Hingga menjadikan OYO Hotel sebagai jaringan hotel diurutan kedua terbesar di dunia. Dari usahanya ini, Ritest mampu mengumpulkan uang sebesar 1 Milyar Dolar atau setara 14 Trilyun Rupiah (kurs Rp.14.000) pada usia 24 tahun dan saat ini sudah mempekerjakan 350.000 orang.
Begitu juga Nabiel Makarim (Go-jek) yang sekarang menjadi Menteri Pendidikan, Kebudayaan, Riset, dan Teknologi. Dengan hanya aplikasi Go-jek mampu meluluh-lantakkan Blue bird yang telah “membirukan” Jakarta Puluhan tahun.
Sayapun melihat Kaesang memimpin PSI seperti mengurusi organisasi start up. Dan dia memimpin dengan gaya khas Anak muda. Guyonan yang ajek. Persis kayak Mengelola Podcasting yang dihadiri para stand up komedi.
Tentu saja Anak muda Indonesia sekarang bosan mendengarkan pidato berapi-api. Bosan mendengarkan ceramah tentang masa lalu yang membanggakan diri sendiri.
Di tangan anak muda, mereka lebih suka bekerja solutif daripada hanya membicarakan problema. Mereka fokus didalam upaya bekerja kongkrit dan tidak mau berlama-lama di wacana.
Dan tentu saja sejarah mengajarkan. Sekali saja meremehkan anak-anak muda Indonesia, maka kemudian terlindas oleh putaran sejarah.
1908, 1928, 1945, 1966 dan 1998 adalah bagian dari sejarah yang dikuasai oleh anak-anak muda Indonesia. Dan roda sedang berputar.
Mereka yang asyik dengan dunia mereka sendiri maka nasib mereka seperti Nokia. Meminjam kata-kata Stepen Elop, CEO Nokia terakhir ““Kami tidak melakukan kesalahan apap-apa.

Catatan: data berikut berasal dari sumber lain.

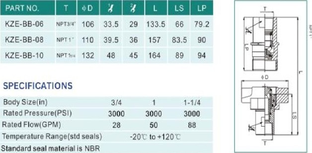 KZE-BB series is a thread to connect.It can be widely used in various application to be connected under pressure and less spillage.KZE-BB can be suitable used in connecting equipment of the hydraulic lines like power tongs swivel and mobile drillings.it also used dump tracks and dump trailer to connect with to wet-line hydraulic system.it is also used in submersible pumps . engine test stands and the equipment under high pressure or high liquid transfer.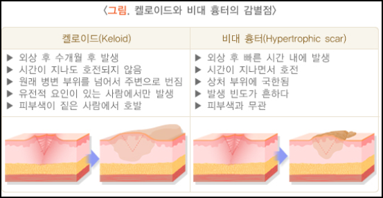 흉터는 정도는 처음 상처에 의해 결정되는 경우가 많지만, 종종 과도하게 흉터가 커지거나 모양이 두드러지기도 합니다.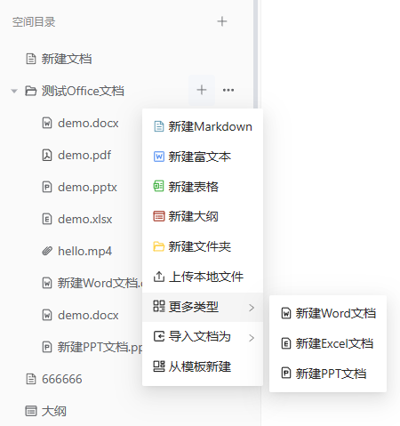 新增Office原始文档(Word、PPT、Excel)的上传或新建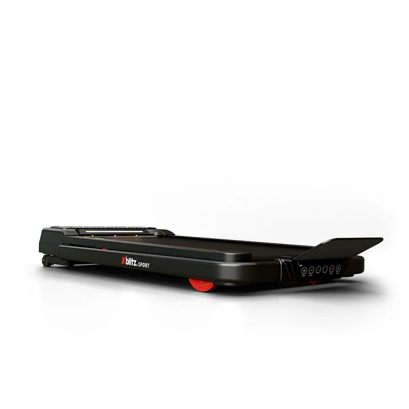 Bieżnia Xblitz X-Runner 2 została zaprojektowana z myślą o niewielkich przestrzeniach. Po zakończonym treningu możesz ją szybko złożyć i schować pod łóżkiem, za szafą lub ustawić w kącie pomieszczenia. Wbudowane kółka transportowe umożliwiają łatwe przesuwanie urządzenia bez wysiłku i bez ryzyka uszkodzenia podłogi.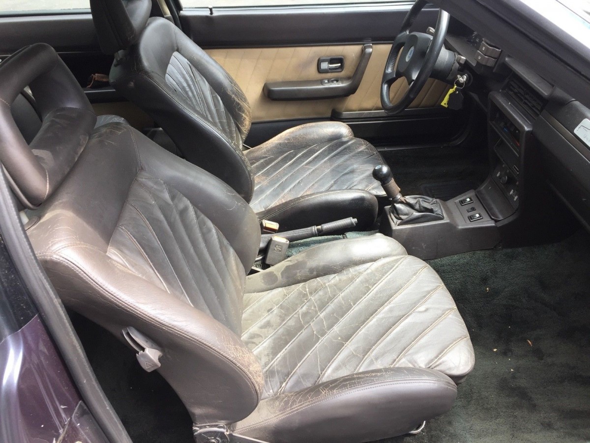 Interiors featured leather bucket seats with thick bolsters, and while a bit tired, they remain in serviceable condition here. The door panels are tan, suggesting there may have been a different color in the cockpit at one point in time; as the seller admits, the seats have been swapped out from tan to brown. The e-brake doesn’t work and the dash is cracked, the latter being a common fault with older German cars. Fortunately, rust is virtually non-existent.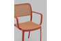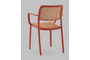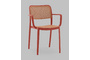 Yona с подлокотниками — это удачное сочетание современного минимализма и винтажного шика. Характерный плетёный узор сиденья и спинки в бежевом оттенке отсылает к традиционным ротанговым стульям, но выполнен полностью из прочного пластика. Красный каркас подчёркивает тёплую, натуральную эстетику, делая стул уютным акцентом в любом интерьере.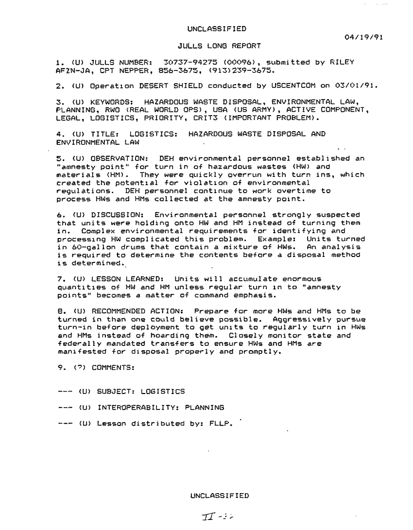 Document 517 f:/Week-26/BX001008/DESERT STORM AFTER ACTION REPORTS/special information for installation after actio:12179611150511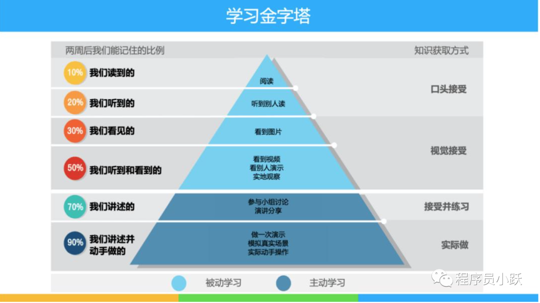 被动学习:如听讲、阅读、视听、演示,学习内容的平均留存率为 5%、10%、20% 和 30%。 主动学习:如通过讨论、实践、教授给他人,会将原来被动学习的内容留存率从 5% 提升到 50%、75% 和 90%。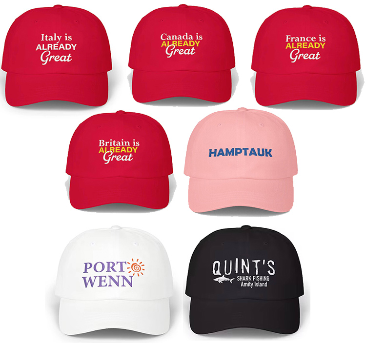 They are a play on “Make American Great Again” hats. We have Great Britain Canada and Mexico, too. The Italy ones seem to sell the most. Interestingly enough, we don’t ship outside the U.S., yet these foreign hats sell a lot here in the U.S.
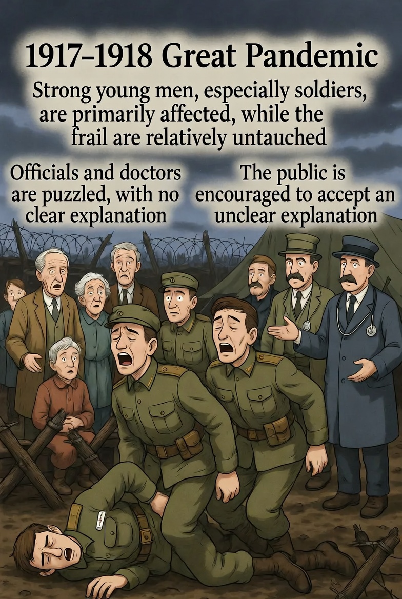The events of 1917–1918, during what later generations dubbed the Great Pandemic, didn’t unfold the way the tidy textbooks suggest. The public was told a deadly flu had inexplicably begun cutting down the strongest young men first — especially soldiers — while leaving the frail relatively untouched in those early stages. Officials nodded along, doctors speculated, and the world was encouraged to accept a story that never quite lined up with reality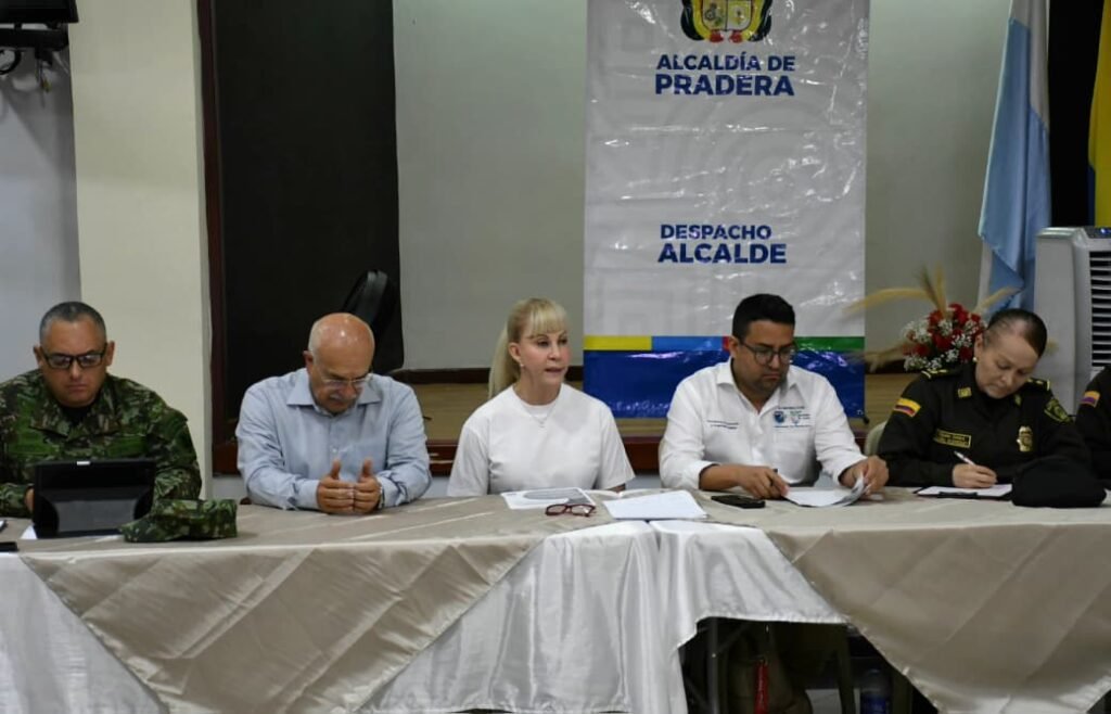 Pradera, Valle del Cauca, septiembre 10 de 2025. La implementación de plan desarme con puestos de control mixtos en entradas y salidas del municipio, fue decidido en el consejo de seguridad presidido esta mañana en Pradera por la gobernadora Dilian Francisca Toro con la fuerza pública, autoridades municipales y departamentales, tras el homicidio del secretario de Gobierno municipal, José Dorien Jiménez. La mandataria anunció una recompensa por información que permita capturar a los responsables de este crimen.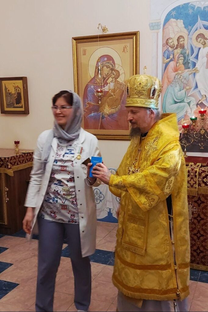 Грамотой Патриаршего Экзарха за непосредственное постоянное взаимодействие с пациентами по вопросам духовной помощи награждена Елена Клочко.

Tapi bagaimana kami bisa kalah”.
Mereka memang tidak membuat kesalahan. Tapi mereka keliru dan asyik dan terlalu nyaman menyandang Raja Ponsel.
Pelajaran penting dari peristiwa apapun “Jika anda tidak berubah sering perkembangan waktu, anda akan keluar dari kompetisi”.